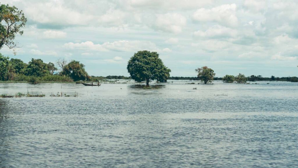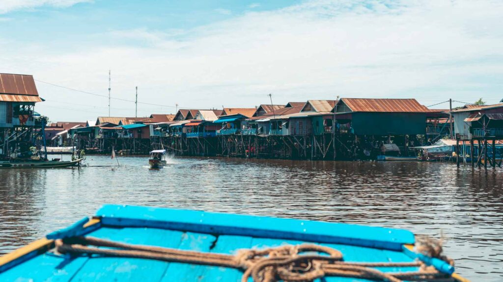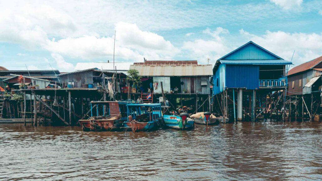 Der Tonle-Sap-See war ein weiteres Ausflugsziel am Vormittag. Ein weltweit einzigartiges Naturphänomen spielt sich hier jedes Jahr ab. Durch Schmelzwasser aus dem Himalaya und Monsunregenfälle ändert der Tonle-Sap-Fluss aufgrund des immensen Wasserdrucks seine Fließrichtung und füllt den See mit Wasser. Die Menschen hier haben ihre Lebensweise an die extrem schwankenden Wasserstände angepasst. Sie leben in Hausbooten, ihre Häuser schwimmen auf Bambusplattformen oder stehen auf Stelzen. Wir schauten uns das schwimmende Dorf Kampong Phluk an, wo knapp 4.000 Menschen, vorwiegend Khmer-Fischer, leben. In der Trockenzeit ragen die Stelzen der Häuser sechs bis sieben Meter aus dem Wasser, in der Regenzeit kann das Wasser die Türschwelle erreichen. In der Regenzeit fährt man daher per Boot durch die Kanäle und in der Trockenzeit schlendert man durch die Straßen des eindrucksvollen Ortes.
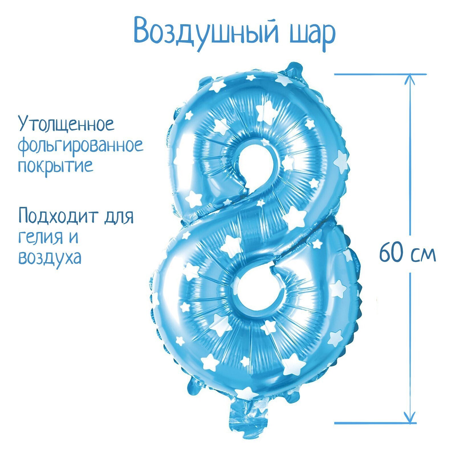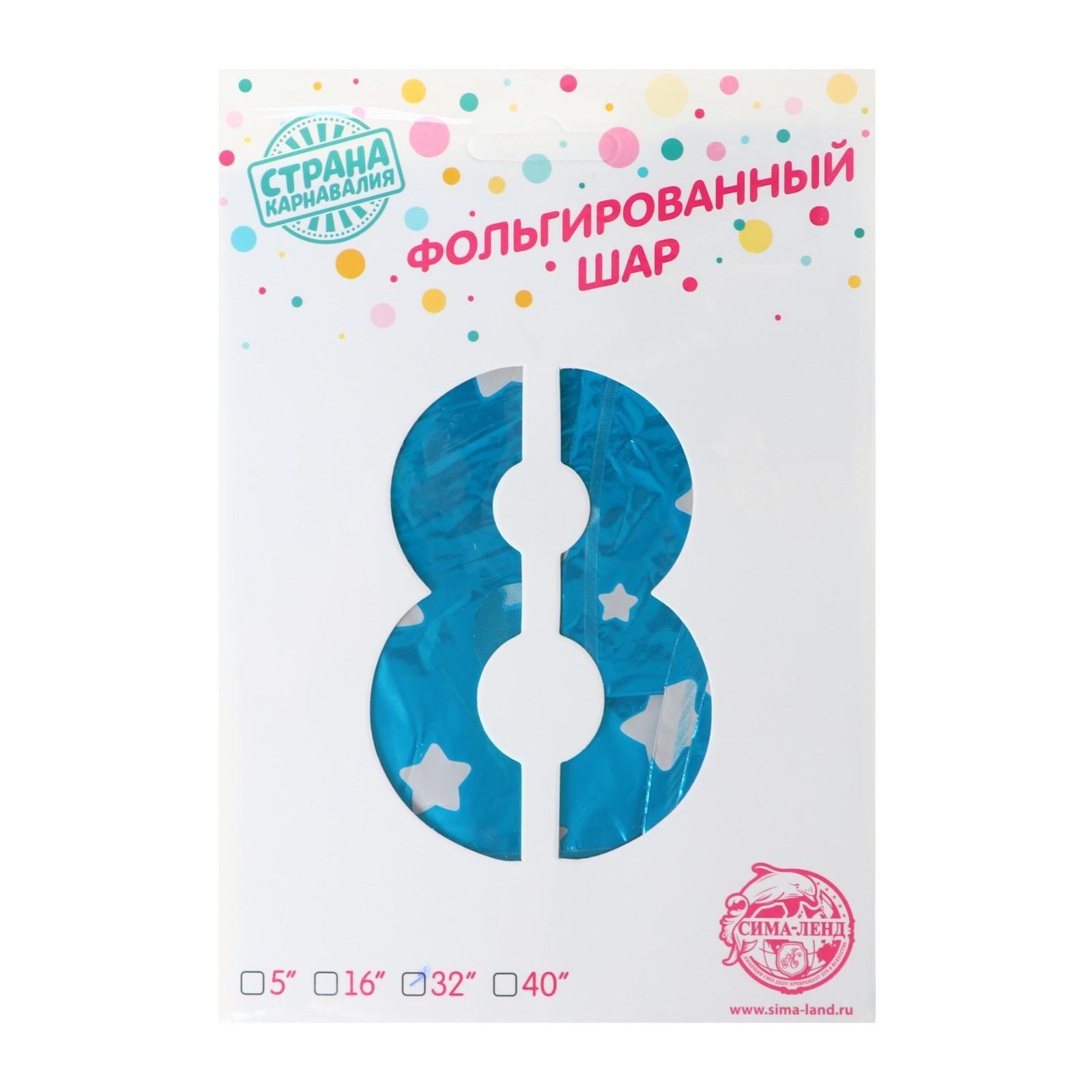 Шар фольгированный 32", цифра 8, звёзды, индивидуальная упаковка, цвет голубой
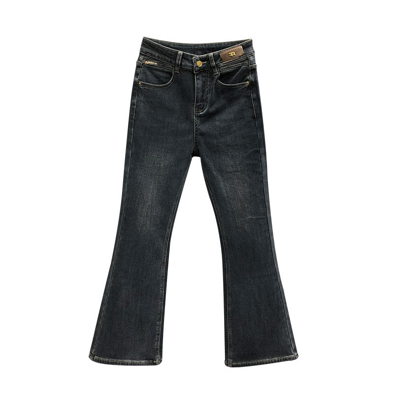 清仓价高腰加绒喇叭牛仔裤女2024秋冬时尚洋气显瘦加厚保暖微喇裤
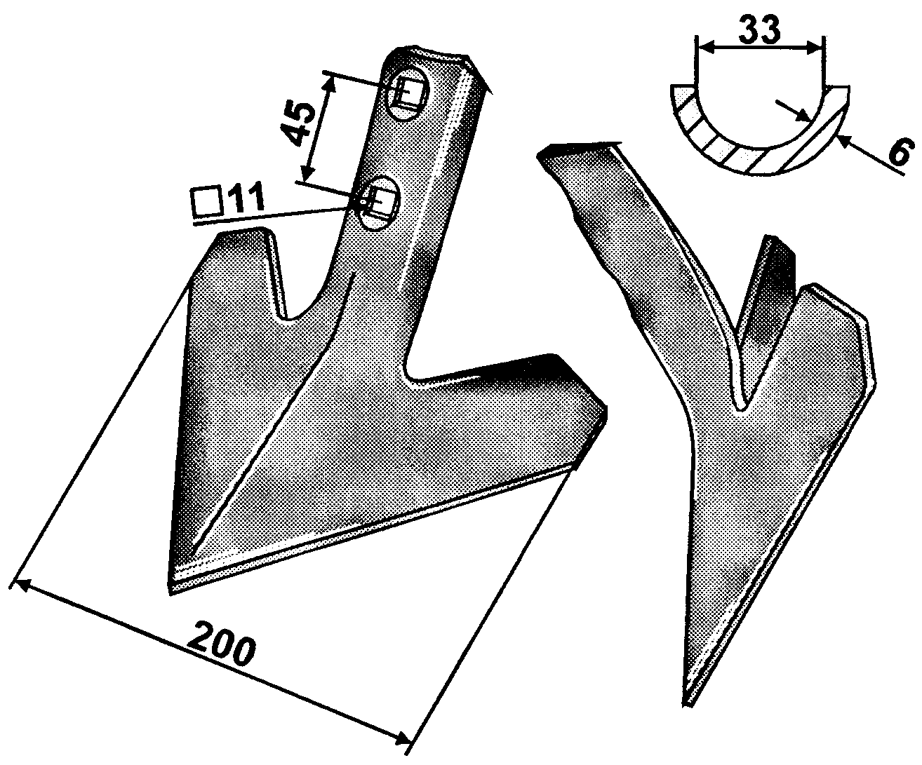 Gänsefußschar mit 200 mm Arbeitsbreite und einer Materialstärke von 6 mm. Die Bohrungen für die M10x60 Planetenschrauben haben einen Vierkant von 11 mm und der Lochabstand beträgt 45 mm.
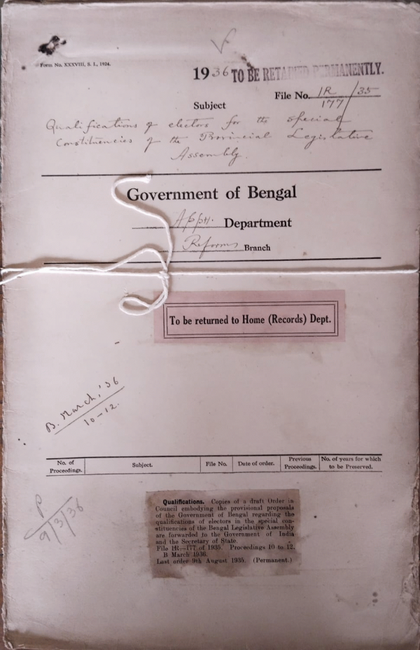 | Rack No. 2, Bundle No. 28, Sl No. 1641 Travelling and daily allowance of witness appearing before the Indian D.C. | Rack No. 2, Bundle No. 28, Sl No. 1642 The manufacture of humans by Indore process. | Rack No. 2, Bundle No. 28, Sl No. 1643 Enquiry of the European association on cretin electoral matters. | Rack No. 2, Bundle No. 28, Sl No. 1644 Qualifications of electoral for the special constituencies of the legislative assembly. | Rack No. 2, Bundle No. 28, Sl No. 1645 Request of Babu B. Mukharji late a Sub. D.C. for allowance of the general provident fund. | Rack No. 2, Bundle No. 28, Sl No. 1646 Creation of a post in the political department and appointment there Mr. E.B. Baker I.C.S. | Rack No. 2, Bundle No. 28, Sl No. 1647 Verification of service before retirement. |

━━━━━━━━

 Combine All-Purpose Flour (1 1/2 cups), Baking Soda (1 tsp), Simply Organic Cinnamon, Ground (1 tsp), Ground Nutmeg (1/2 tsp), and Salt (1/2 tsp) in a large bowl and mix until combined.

━━━━━━━━

**Task**
Copy the listing above exactly, but only from the line with "упаковка, цвет голубой" through the line with "Gänsefußschar mit 200", including those two lines and excluding any picture.

**Answer to this exercise**
 Шар фольгированный 32", цифра 8, звёзды, индивидуальная упаковка, цвет голубой
 清仓价高腰加绒喇叭牛仔裤女2024秋冬时尚洋气显瘦加厚保暖微喇裤
 Gänsefußschar mit 200 mm Arbeitsbreite und einer Materialstärke von 6 mm. Die Bohrungen für die M10x60 Planetenschrauben haben einen Vierkant von 11 mm und der Lochabstand beträgt 45 mm.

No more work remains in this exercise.